Women face distinct forms of harm — some systemic, some intimate, and many hidden. They are mothers, daughters, sisters, survivors. They navigate layers of trauma, neglect, and corruption that are often minimized or ignored altogether. What we saw at FMWCC made clear that the systems meant to provide safety and rehabilitation too often weaponize power and strip dignity instead.
The corruption the women described — the fear, the manipulation, the sense that their complaints and pain are invisible — speaks to a system that preys on silence. And yet, despite that silence, they still find ways to speak, to create, to resist, and to hope. That is what we carry with us.
Our Obligation as Women
Return Strong was founded by women. Our team, our volunteers, and our community are predominantly women — women who have survived, who have loved people through incarceration, who have fought systems built to break us down.
That means something. It means that we have an obligation — not just as advocates, but as women — to ensure that our sisters inside are seen, heard, and represented in ways that honor their humanity.
We cannot fight for prison reform without recognizing that women’s experiences demand their own space, attention, and care.
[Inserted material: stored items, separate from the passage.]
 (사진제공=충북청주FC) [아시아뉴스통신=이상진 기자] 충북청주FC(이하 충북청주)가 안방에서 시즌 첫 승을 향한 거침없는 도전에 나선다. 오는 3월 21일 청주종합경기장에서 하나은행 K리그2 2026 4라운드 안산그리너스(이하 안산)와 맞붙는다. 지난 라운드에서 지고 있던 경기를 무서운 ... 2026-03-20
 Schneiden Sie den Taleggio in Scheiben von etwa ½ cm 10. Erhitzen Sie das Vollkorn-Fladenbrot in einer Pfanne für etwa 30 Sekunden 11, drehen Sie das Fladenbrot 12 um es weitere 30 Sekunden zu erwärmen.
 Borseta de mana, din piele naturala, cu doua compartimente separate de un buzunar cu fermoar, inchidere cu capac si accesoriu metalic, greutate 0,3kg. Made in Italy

The patterns of corruption and cruelty at FMWCC are not the same as those at men’s prisons, and our approach must reflect that truth.
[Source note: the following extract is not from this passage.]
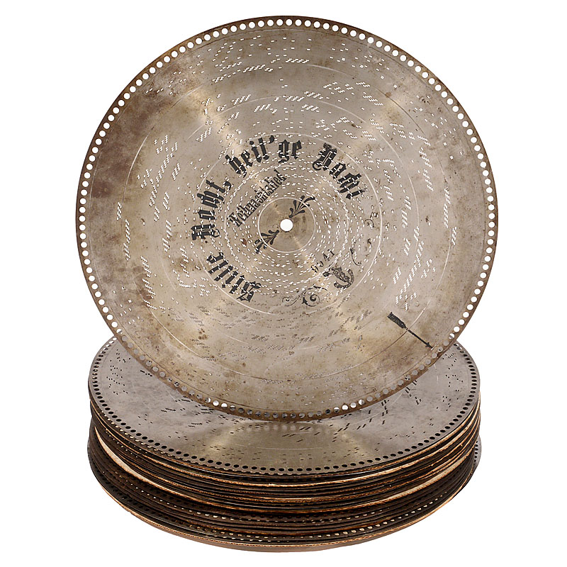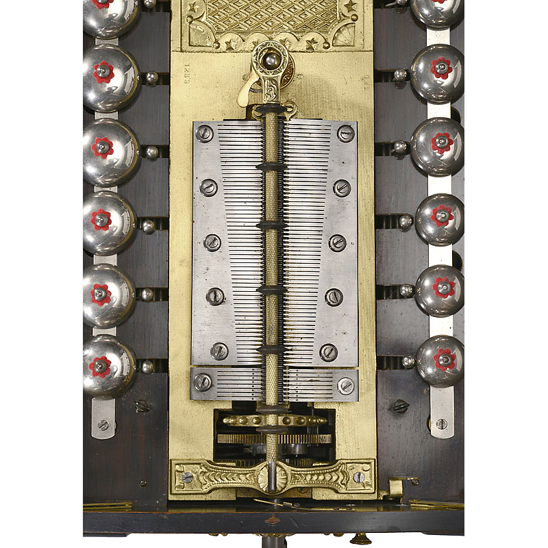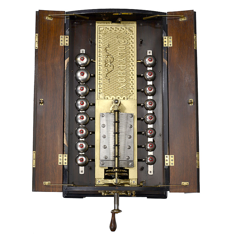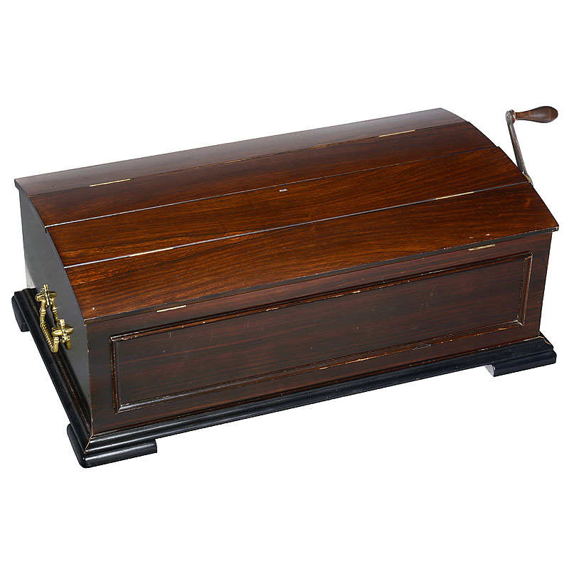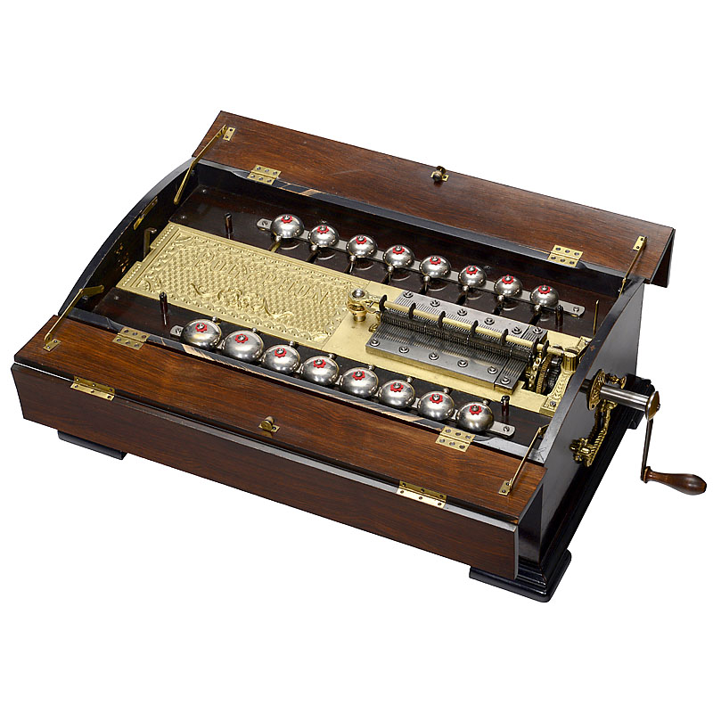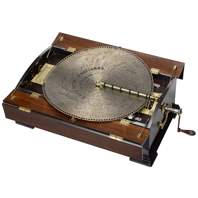 Manufacturer: "Polyphon Musikwerke, Leipzig", with 118 teeth in duplex combs plus 16 bells (complete!!), spiral-spring motor, grained wooden case with four-piece folding casket-lid and 2 carrying handles. With 25 discs. – Only a few of these instruments w

This work requires intentionality and commitment — not a checkbox or an afterthought, but a conscious effort to listen to women, to uplift their voices, and to center them in every decision we make moving forward.
Our Shared Humanity
When you look a woman in the eyes who has survived the impossible and still chooses hope — you cannot walk away unchanged.
What we witnessed at FMWCC reminded us that humanity doesn’t disappear in prison; it endures. It adapts. It resists. The women we met are artists, thinkers, caretakers, and truth-tellers. They are not “inmates” or “numbers.” They are people. And as long as they remain unseen by the system that confines them, we have work to do.
As an organization built on the belief that redemption and restoration are possible, we recommit ourselves to ensuring that the women inside Nevada’s prisons are not forgotten in our advocacy. Their stories, their suffering, and their strength belong at the center of our fight.
Moving Forward Together
This visit has changed us. It will change how we organize, how we advocate, and how we build the movement for a world without cages.
To the women at FMWCC — thank you for your courage, your trust, and your truth. To our members and supporters — stand with us as we begin the hard but necessary work of confronting the unique injustices faced by incarcerated women in Nevada.
We promise to listen.
We promise to act.
And we promise that your voices will not be silenced.